*REQUIRED ACTION*.
Word for word and without images, reproduce the listing that follows.

### DATA BELOW ###

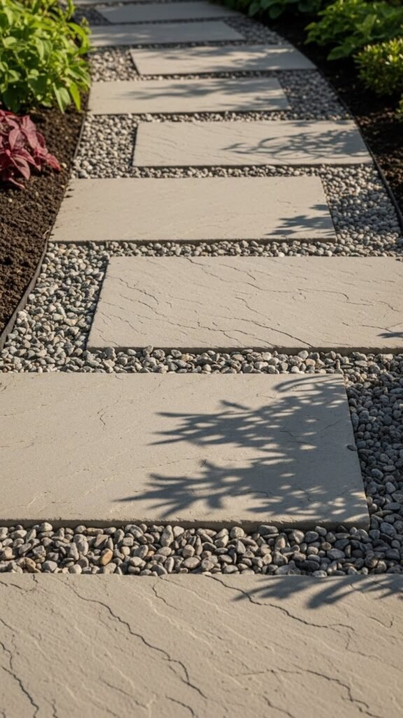 A classic, down-to-earth option: lay stepping stones on a bed of gravel. The gravel helps with drainage and keeps the stones stable. It’s an affordable, beginner-friendly design — ideal for a small garden path. Bordering the walkway with plants or flowers adds a warm, inviting feel.
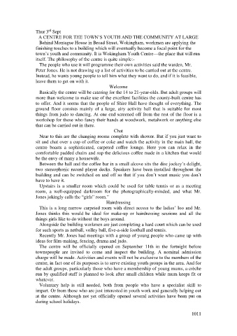 A CENTRE FOR THE TOWN’S YOUTH AND THE COMMUNITY AT LARGE
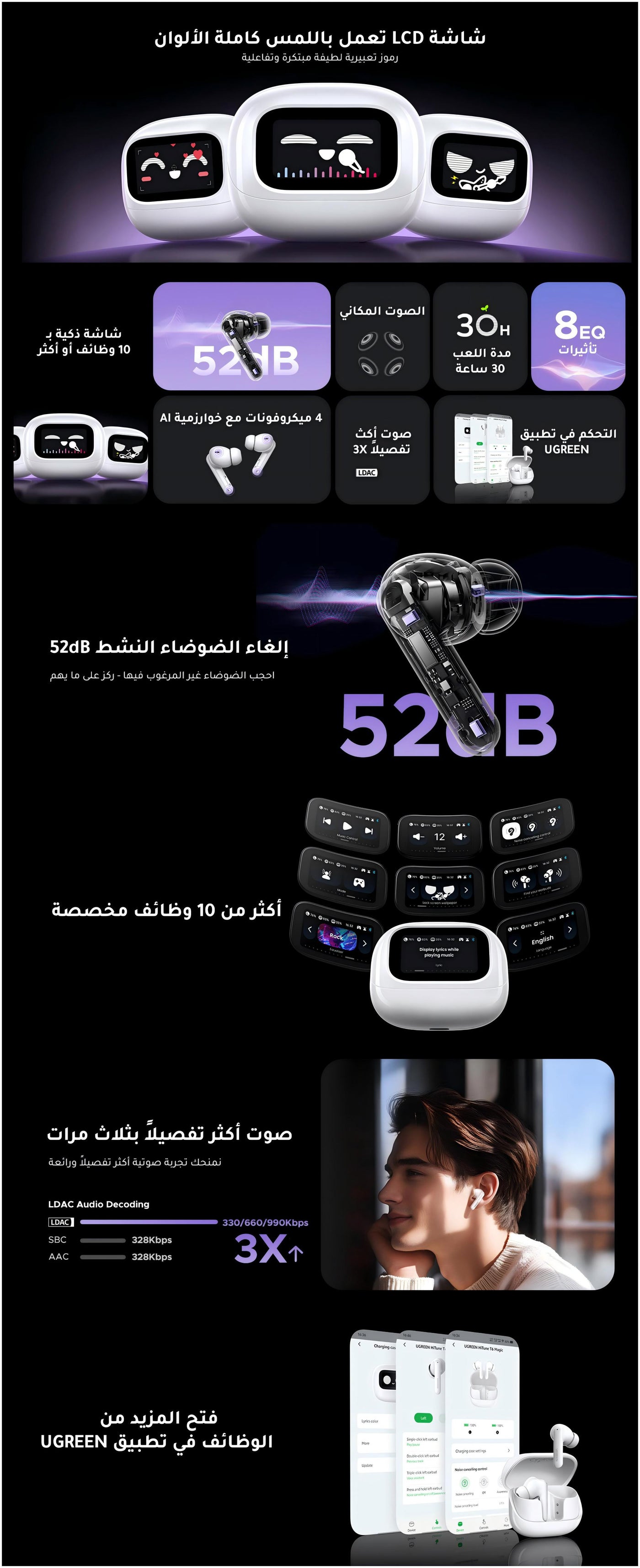 | محتويات العلبة | 1 * UGREEN EchoBuds Magic, 1 * user manual, 24-month warranty, 24-hour customer service, lifetime technical support. |

###

*SOLUTION TO THIS EXERCISE*.
 A classic, down-to-earth option: lay stepping stones on a bed of gravel. The gravel helps with drainage and keeps the stones stable. It’s an affordable, beginner-friendly design — ideal for a small garden path. Bordering the walkway with plants or flowers adds a warm, inviting feel.
 A CENTRE FOR THE TOWN’S YOUTH AND THE COMMUNITY AT LARGE
 | محتويات العلبة | 1 * UGREEN EchoBuds Magic, 1 * user manual, 24-month warranty, 24-hour customer service, lifetime technical support. |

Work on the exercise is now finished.